Carol LaFayette-Boyd is one of Canada’s rising athletics stars. Notably, LaFayette-Boyd is “rising” to exceptional athletic status at the age of 77 years. Setting a new world age-group record in the W75 200-meter race at the 2019 Canadian Masters Indoor Championships in Edmonton, the Saskatchewan native added to her plethora of age-matched world records and international gold medals, and her title of World Masters Athletics’ 2018 Female Athlete of the Year. LaFayette-Boyd began competing in Masters track and field at age 50, returning to competition after having participated in track and field and basketball in high school. She attributes her athletic success to eating a balanced diet, sleeping well, and stretching, and says that she feels healthier at age 75 than she did at 35. Finally, consider this – the earliest officially recognized world record for the women’s 100-meter race occurred in 1922: 13.6 seconds by Czechoslovakia’s (now Czech Republic and Slovakia) Marie Mejzlíková II at 19 years of age. Carol LaFayette-Boyd’s personal best 100-meter race time is 13.75s at age 60! While LaFayette-Boyd’s feats are spectacular on their own, she is part of a growing number of Masters athletes forcing us to consider new frontiers in human performance.

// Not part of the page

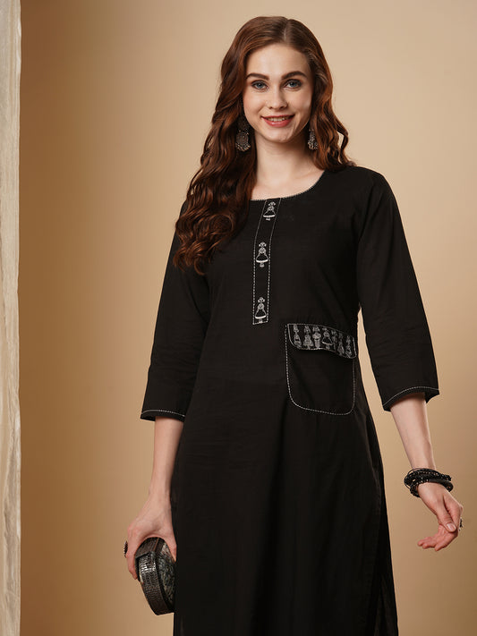 MRP (Inclusive of all taxes)Regular price ₹ 1,449.00₹ 1,449.00 Regular priceUnit price / per₹ 3,699.00Sale priceM L XL 2XL 3XL add to cartSale{"id":7544565891158,"title":"Solid Figurative Thread Embroidered Straight Fit Co-ord Set - Black","handle":"solid-figurative-thread-embroidered-straight-fit-co-ord-set-black","description":"\u003ch1\u003eHighlights\u003cbr\u003e\n\u003c\/h1\u003e\n\u003cp\u003e-Minimalist with a twist, this straight-fit black cotton co-ord set features a classic round neckline and is elevated by lady figurative thread embroidery on the front placket and patch pocket. A subtle statement piece that blends everyday ease with artistic detail.\u003cbr\u003eSoft on the skin and tailored for comfort, it’s a go-to look for effortless sophistication.\u003cbr\u003ePair it with sleek flats or bold accessories to suit your mood.\u003c\/p\u003e\n\u003ch1\u003eFabric \u0026amp; Colour\u003c\/h1\u003e\n\u003cp\u003e\u003cbr\u003eTop Colour: Black\u003cbr\u003eTop Fabric: Cotton\u003cbr\u003eBottom Colour: Black\u003cbr\u003eBottom Fabric: Cotton Blend\u003c\/p\u003e\n\u003ch1\u003eSpecifications\u003c\/h1\u003e\n\u003cp\u003e\u003cbr\u003eTop Design: Solid\u003cbr\u003eTop Craft: Embroidery, Plain and Prints\u003cbr\u003eTop Shape: Straight\u003cbr\u003eNeck: Round Neck\u003cbr\u003eSleeve Length: Three-Quarter Sleeves\u003cbr\u003eTop Length: Knee Length\u003cbr\u003eHemline: Straight\u003cbr\u003eSlit: Side Slits\u003c\/p\u003e\n\u003cp\u003eBottom Type: Palazzos\u003cbr\u003eBottom Closure: Slip-On\u003cbr\u003eWaistband: Elasticated\u003c\/p\u003e\n\u003cp\u003eWash Care: Hand Wash\u003c\/p\u003e\n\u003cp\u003eLength (in inches)\u003cbr\u003eKurta – 45, Sleeves – 17,\u003cbr\u003eBottom - 40\u003c\/p\u003e\n\u003cp\u003eModel’s Height: 5’7”. Wearing Size S.\u003c\/p\u003e\n\u003ch1\u003eProduct Information\u003c\/h1\u003e\n\u003cp\u003e\u003cbr\u003eManufactured\/Packed\/Marketed By:\u003cbr\u003eFashor Lifestyle Pvt. Ltd.\u003cbr\u003e28\/30, Sudarshanpura Industrial Area,\u003cbr\u003eJaipur - 302006.\u003cbr\u003eCountry of Origin: India\u003c\/p\u003e","published_at":"2025-04-25T13:34:56+05:30","created_at":"2025-04-25T13:01:17+05:30","vendor":"FASHOR","type":"2P Kurta Set","tags":["1001-2000","28233","2XL","3XL","All Styles","casualwear","colour_black","craft_embroidery","craft_plain-and-prints","design_solid","fabric_cotton","KURTI","kurtis","L","M","meta-size-chart-","monsoo","now-trending","shape_straight","workwear","XL"],"price":144900,"price_min":144900,"price_max":144900,"available":true,"price_varies":false,"compare_at_price":369900,"compare_at_price_min":369900,"compare_at_price_max":369900,"compare_at_price_varies":false,"variants":[{"id":42268484796502,"title":"M","option1":"M","option2":null,"option3":null,"sku":"38-KB028233A5FS","requires_shipping":true,"taxable":false,"featured_image":{"id":34312251998294,"product_id":7544565891158,"position":3,"created_at":"2025-04-25T13:07:15+05:30","updated_at":"2025-04-25T13:07:52+05:30","alt":null,"width":1080,"height":1440,"src":"\/\/fashor.com\/cdn\/shop\/files\/30717_7.jpg?v=1745566672","variant_ids":[42268484796502,42268484829270,42268484862038,42268484894806,42268484927574]},"available":true,"name":"Solid Figurative Thread Embroidered Straight Fit Co-ord Set - Black - M","public_title":"M","options":["M"],"price":144900,"weight":0,"compare_at_price":369900,"inventory_quantity":7,"inventory_management":"shopify","inventory_policy":"deny","barcode":"","featured_media":{"alt":null,"id":26683863793750,"position":3,"preview_image":{"aspect_ratio":0.75,"height":1440,"width":1080,"src":"\/\/fashor.com\/cdn\/shop\/files\/30717_7.jpg?v=1745566672"}},"requires_selling_plan":false,"selling_plan_allocations":[],"quantity_rule":{"min":1,"max":null,"increment":1}},{"id":42268484829270,"title":"L","option1":"L","option2":null,"option3":null,"sku":"40-KB028233A5FS","requires_shipping":true,"taxable":false,"featured_image":{"id":34312251998294,"product_id":7544565891158,"position":3,"created_at":"2025-04-25T13:07:15+05:30","updated_at":"2025-04-25T13:07:52+05:30","alt":null,"width":1080,"height":1440,"src":"\/\/fashor.com\/cdn\/shop\/files\/30717_7.jpg?v=1745566672","variant_ids":[42268484796502,42268484829270,42268484862038,42268484894806,42268484927574]},"available":true,"name":"Solid Figurative Thread Embroidered Straight Fit Co-ord Set - Black - L","public_title":"L","options":["L"],"price":144900,"weight":0,"compare_at_price":369900,"inventory_quantity":4,"inventory_management":"shopify","inventory_policy":"deny","barcode":"","featured_media":{"alt":null,"id":26683863793750,"position":3,"preview_image":{"aspect_ratio":0.75,"height":1440,"width":1080,"src":"\/\/fashor.com\/cdn\/shop\/files\/30717_7.jpg?v=1745566672"}},"requires_selling_plan":false,"selling_plan_allocations":[],"quantity_rule":{"min":1,"max":null,"increment":1}},{"id":42268484862038,"title":"XL","option1":"XL","option2":null,"option3":null,"sku":"42-KB028233A5FS","requires_shipping":true,"taxable":false,"featured_image":{"id":34312251998294,"product_id":7544565891158,"position":3,"created_at":"2025-04-25T13:07:15+05:30","updated_at":"2025-04-25T13:07:52+05:30","alt":null,"width":1080,"height":1440,"src":"\/\/fashor.com\/cdn\/shop\/files\/30717_7.jpg?v=1745566672","variant_ids":[42268484796502,42268484829270,42268484862038,42268484894806,42268484927574]},"available":true,"name":"Solid Figurative Thread Embroidered Straight Fit Co-ord Set - Black - XL","public_title":"XL","options":["XL"],"price":144900,"weight":0,"compare_at_price":369900,"inventory_quantity":5,"inventory_management":"shopify","inventory_policy":"deny","barcode":"","featured_media":{"alt":null,"id":26683863793750,"position":3,"preview_image":{"aspect_ratio":0.75,"height":1440,"width":1080,"src":"\/\/fashor.com\/cdn\/shop\/files\/30717_7.jpg?v=1745566672"}},"requires_selling_plan":false,"selling_plan_allocations":[],"quantity_rule":{"min":1,"max":null,"increment":1}},{"id":42268

Masters sport has been regarded as an ideal facilitator of healthy aging, and this article focuses on relevant discussions for Masters athletes 60 years of age and beyond. In particular, we will highlight our research program that has focused on illuminating the voices and stories of Masters athletes themselves. What are the individual and societal outcomes of Masters sport? What are the considerations along with the positive and negative implications of promoting active aging through sport?

What is Masters Sport?

Masters athletes train for and compete in organized sport at regional, national, and international events. Masters sport provides a competition opportunity for those outside of the ages considered conducive to peak performance for a given sport. The minimum eligible age to compete is typically 25-35 years, and participants are usually classified into 5-10 year age bands with no maximum age limit. Notably, the World Masters Games (WMG) is the largest multi-sport event in the world (in terms of competitor numbers), hosting up to 30,000 athletes each quadrennial. To provide context, 11,000 athletes participated in the most recent Summer Olympic Games in Rio, Brazil. The inaugural WMG in Toronto in 1985 hosted 5,000 athletes and the event has since experienced explosive growth. A broad range of 30 different team and individual sports are normally offered at the WMG, including weightlifting, athletics, tennis, basketball, swimming, field hockey, and rugby. The Winter World Masters Games typically includes events such as ice hockey, curling, and cross-country skiing. 

Perceived Benefits of Masters sport

Although there is no consensus definition for healthy aging, it is often agreed that Masters athletes are aging well from a physical functioning standpoint. For example, studies have shown that older athletes have better physical characteristics (e.g., muscle mass, strength, maximum oxygen uptake) than less-active, age-matched peers (Geard et al., 2017). However, healthy aging means more than simply being physically healthy. Much less is known about the psychological and social benefits of Masters sport.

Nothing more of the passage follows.